Monday, June 24, 2013


Malcolm Young's Gretsch guitar, EMP Museum, Seattle, Washington
We are staying near the south shore of Lake Union. Next door to us is a cancer research center, across the street is the lake. From our hotel-room window, we watch aquaplanes take off and land.

It is a healthy walk to most places from here, but as long as the weather holds, Sandra and I are game. Traveling by foot is a good way to learn a city. Feeling the slope of hills in your calves and quads gives a greater appreciation for the terrain, as well as a sense of satisfaction at arriving anywhere.

This belief betrays a bias. I prefer to move as slowly as practical. I prefer to observe along the way, sometimes at the expense of reaching a specific destination.

The means justify the ends.

We are here in time for the 36th Annual Lake Union Wooden Boat Festival. It's a large and friendly looking event that we pass on our way to EMP Museum.

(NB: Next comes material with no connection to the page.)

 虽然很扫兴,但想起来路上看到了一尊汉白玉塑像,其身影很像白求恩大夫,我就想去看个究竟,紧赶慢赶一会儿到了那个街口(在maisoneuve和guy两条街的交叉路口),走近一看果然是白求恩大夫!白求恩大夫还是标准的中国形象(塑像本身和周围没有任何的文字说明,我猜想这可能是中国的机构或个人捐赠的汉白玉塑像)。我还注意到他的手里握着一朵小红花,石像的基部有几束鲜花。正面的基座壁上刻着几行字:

I prefer to observe along the way, but sometimes there is a destination worth reaching. And so we must bypass the wooden boats in favor of all things Jimi Hendrix.

At EMP, we hear original mixes of Hendrix's “Crosstown Traffic” on headphones. Turn down the vocals and listen to Jimi play rhythm guitar like the bad-ass Motown cat he was.

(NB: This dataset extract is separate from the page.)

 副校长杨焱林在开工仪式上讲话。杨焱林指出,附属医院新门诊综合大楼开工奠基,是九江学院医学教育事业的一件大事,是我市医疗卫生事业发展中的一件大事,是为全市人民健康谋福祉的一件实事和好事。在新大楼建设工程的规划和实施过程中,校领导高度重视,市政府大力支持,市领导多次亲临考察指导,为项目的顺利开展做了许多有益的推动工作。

We see Malcolm Young's Gretsch guitar and Angus Young's Gibson SG. We learn that an older brother, George Young, played with the Easybeats and co-wrote their 1966 hit “Friday on My Mind.” And that AC/DC once shared a bill with Split Enz in 1975, which is hard to imagine nearly 40 years later.

We see footage of old John Landis films and interviews with the famous director. We see uniforms from various flavors of Star Trek, Stargate, and other classics.

Upstairs is Sound Lab, where you can play instruments and record music. I jam on guitar and bass for a while, then watch others do the same. Folks with no or limited experience are the most fun, because once they conquer their initial self-consciousness, they discover what musicians know: this is a blast.

So is the museum, and it is difficult to pry ourselves away after only a few hours, but we have packed too many activities into too short a time period and so we must. Back at the lake, we eat at Duke's Chowder House. Our concerns that it might be too touristy are soon alleviated by fine food and drink.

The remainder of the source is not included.